How to use SSLOnlineEvaluator

I study the code provided here SSL SimCLR on colab, and implemented a similar code.

I have modified the datamodule to load mine, and I can run the code. However, if I use SSLOnlineEvaluator. I cannot make it work. If I specify the callbacks for model, the error shows:
TypeError: on_train_batch_end() takes 6 positional arguments but 7 were given

I have the following code:

def to_device(batch, device):
    (img1, _), y = batch
    img1 = img1.to(device)
    y = y.to(device)
    return img1, y

online_finetuner = SSLOnlineEvaluator(z_dim=2048 * 2 * 2, num_classes = 7)
online_finetuner.to_device = to_device

lr_logger = LearningRateMonitor()

callbacks = [online_finetuner, lr_logger]

# pick data
rafdb_height=100
batch_size=64

# data
dm = RAFDBDataModule(num_workers=0)
dm.train_transforms = SimCLRTrainDataTransform(input_height=rafdb_height)
dm.val_transforms = SimCLREvalDataTransform(input_height=rafdb_height)
dm.test_transforms = SimCLREvalDataTransform(input_height=rafdb_height)

# model
model = SimCLR(num_samples=dm.num_samples, batch_size=batch_size)

# fit
trainer = pl.Trainer(gpus=1, max_epochs=20, callbacks=callbacks)
trainer.fit(model, dm)

Full Output information:

GPU available: True, used: True
TPU available: False, using: 0 TPU cores
LOCAL_RANK: 0 - CUDA_VISIBLE_DEVICES: [0]

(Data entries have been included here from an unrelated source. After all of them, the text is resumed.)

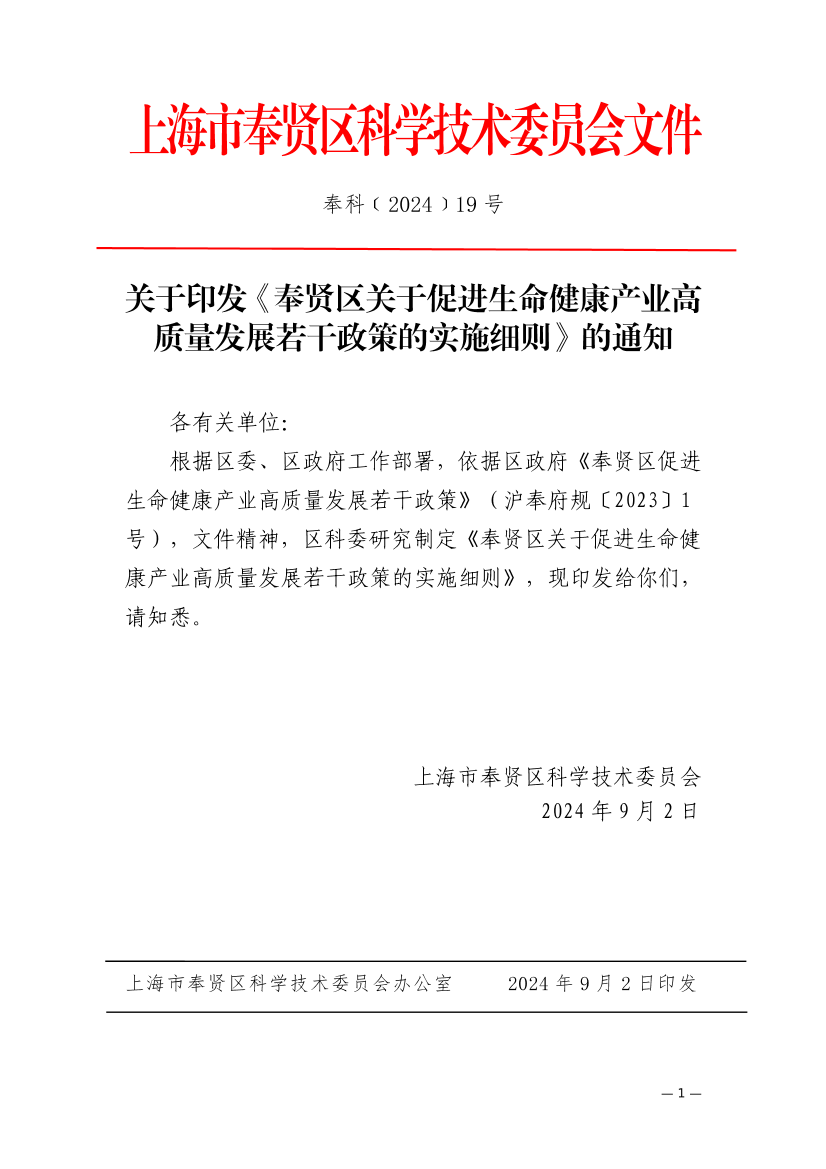关于印发《奉贤区关于促进生命健康产业高质量发展若干政策的实施细则》的通知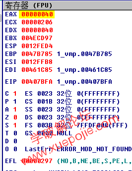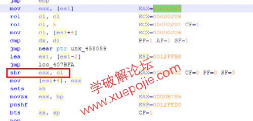 第二次对ebx(密钥)直接赋值的地方与第一次(进入虚拟机)相差很远,我们再以此为基准向上搜索00000040(对应的是ZF标志位为1的EFLAGS)。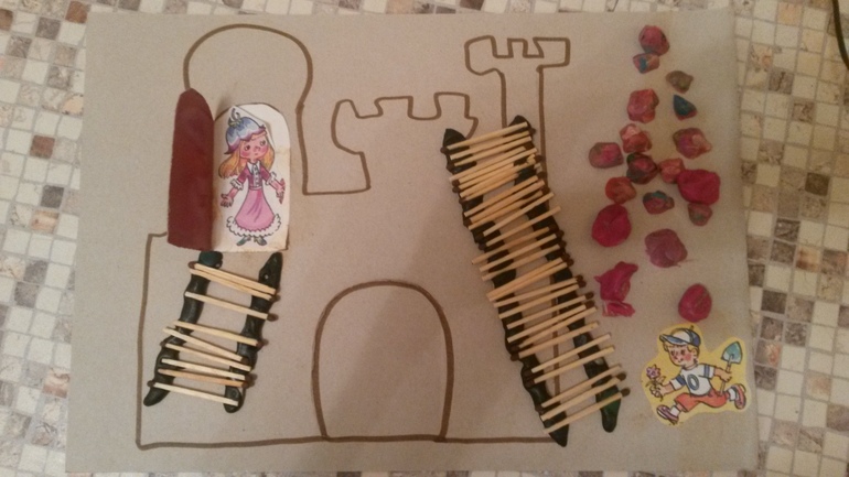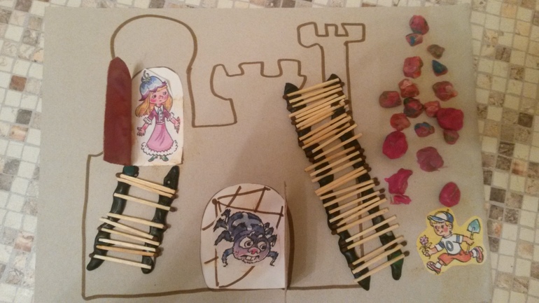Её охраняет страшный паучище. Но отважный принц по высокой лестнице заберется на башню, спасет принцессу и спустится вместе с ней по другой лестнице. Ха-ха-ха! Обманули паука!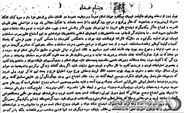 مسلمان بیندیشند و در امر بزرگی که اکنون مورد بحث و مطالعه رهبران مذهبی ما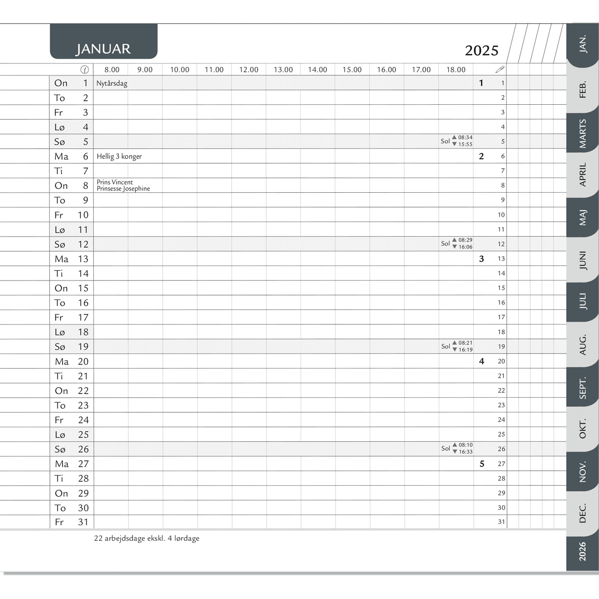 Månedskalender 2025 grå/grå faner, refill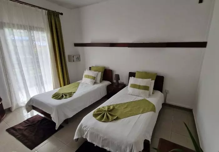 De kamers zijn van een redelijk formaat en zijn voorzien van faciliteiten om thee en koffie te maken, evenals airconditioning en een ventilator. Houd er rekening mee dat de stroom midden in de nacht voor een paar uur wordt uitgeschakeld. Zorg er dus voor dat u uw elektronische apparaten ‘s avonds oplaadt.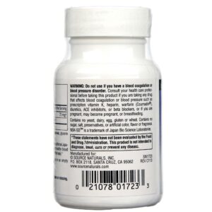 Advertências: Do not use if you have a blood coagulation disorder. Consult your health care professional before taking this product if you are taking any drug that affects blood coagulation such as prescription vitamin K, heparin or warfarin (coumadin), diuretics, ACE inhibitors, or beta blockers, or if you are pregnant or breastfeeding. Keep out of reach of children.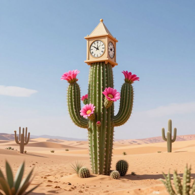 Photograph of a surreal desert scene featuring a cactus with a clock tower on top, resembling a sundial. The cactus has two arms adorned with vibrant pink flowers, and is centered in a sandy, sunlit desert. Surrounding the cactus are smaller cacti and desert plants, with a clear blue sky overhead. The clock face is white with black numbers and hands, and the clock tower has a beige roof. The overall composition blends natural and whimsical elements, creating a striking, imaginative landscape.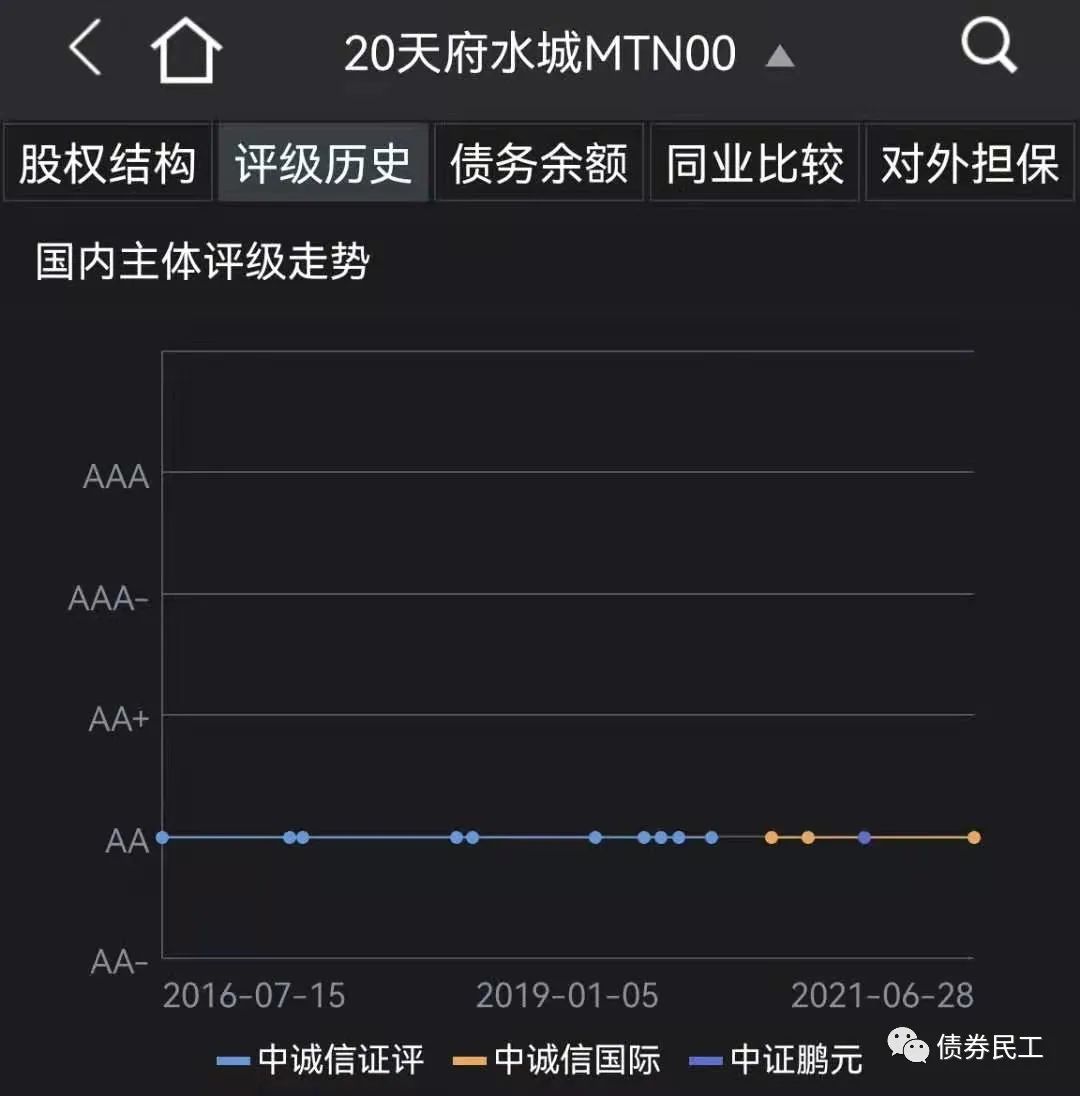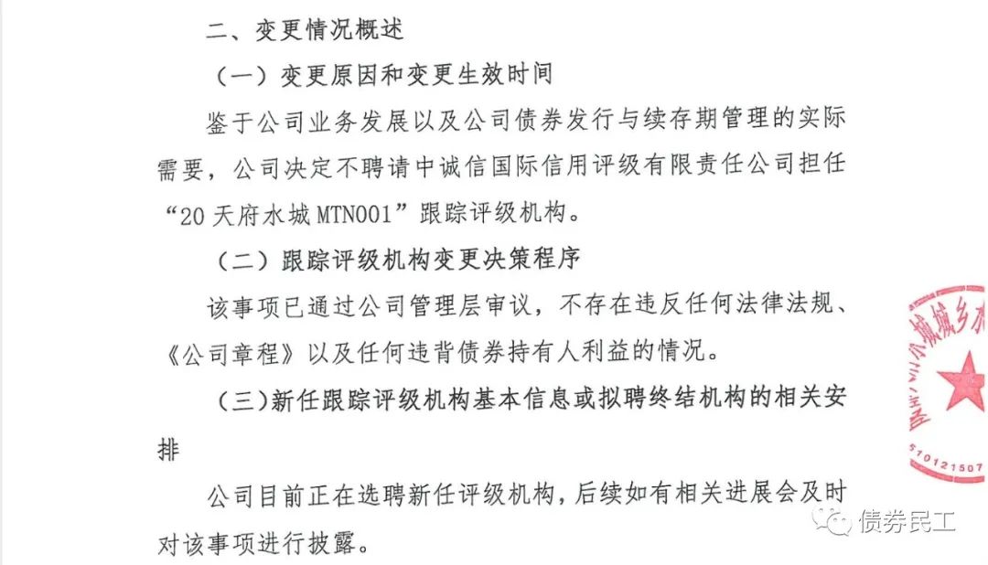 2、成都天府水城城鄉水務建設有限公司(以下簡稱“天府水城”)于2021年7月8日披露了《關于擬變更跟蹤評級機構和延期披露相關債券 2021 年跟蹤評級報告的公告》,“鑒于公司業務發展以及公司債券發行與存續期管理的實際需求”,不再聘任中誠信國際為跟蹤評級機構,但是天府水城目前尚未確認新的跟蹤評級機構。預計中誠信國際后續也會出具相應的公告。

  | Name                 | Type         | Params
------------------------------------------------------
0 | encoder              | ResNet       | 25 M  
1 | projection           | Projection   | 4 M   
2 | non_linear_evaluator | SSLEvaluator | 8 M   
Epoch 0:   0%|          | 0/383 [00:00<?, ?it/s] Traceback (most recent call last):
  File "H:/Project/PycharmProject/FER_Long-tailed/train_SimCLR.py", line 236, in <module>
    trainer.fit(model, dm)
  File "F:\Program\Anaconda3\envs\pytorch-lightning\lib\site-packages\pytorch_lightning\trainer\trainer.py", line 440, in fit
    results = self.accelerator_backend.train()
  File "F:\Program\Anaconda3\envs\pytorch-lightning\lib\site-packages\pytorch_lightning\accelerators\gpu_accelerator.py", line 54, in train
    results = self.train_or_test()
  File "F:\Program\Anaconda3\envs\pytorch-lightning\lib\site-packages\pytorch_lightning\accelerators\accelerator.py", line 66, in train_or_test
    results = self.trainer.train()
  File "F:\Program\Anaconda3\envs\pytorch-lightning\lib\site-packages\pytorch_lightning\trainer\trainer.py", line 483, in train
    self.train_loop.run_training_epoch()
  File "F:\Program\Anaconda3\envs\pytorch-lightning\lib\site-packages\pytorch_lightning\trainer\training_loop.py", line 557, in run_training_epoch
    self.on_train_batch_end(epoch_output, epoch_end_outputs, batch, batch_idx, dataloader_idx)
  File "F:\Program\Anaconda3\envs\pytorch-lightning\lib\site-packages\pytorch_lightning\trainer\training_loop.py", line 249, in on_train_batch_end
    self.trainer.call_hook('on_train_batch_end', epoch_end_outputs, batch, batch_idx, dataloader_idx)
  File "F:\Program\Anaconda3\envs\pytorch-lightning\lib\site-packages\pytorch_lightning\trainer\trainer.py", line 823, in call_hook
    trainer_hook(*args, **kwargs)
  File "F:\Program\Anaconda3\envs\pytorch-lightning\lib\site-packages\pytorch_lightning\trainer\callback_hook.py", line 147, in on_train_batch_end
    callback.on_train_batch_end(self, self.get_model(), outputs, batch, batch_idx, dataloader_idx)
TypeError: on_train_batch_end() takes 6 positional arguments but 7 were given
Epoch 0:   0%|          | 0/383 [00:02<?, ?it/s]

Process finished with exit code 1

I believe this is fixed on the master branch in bolts.
see issue here

1 Like

I do not think the bug is fully fixed. Please see the issue for my new bug.
There is a new bug with not-matched shape in network matrix multiplication.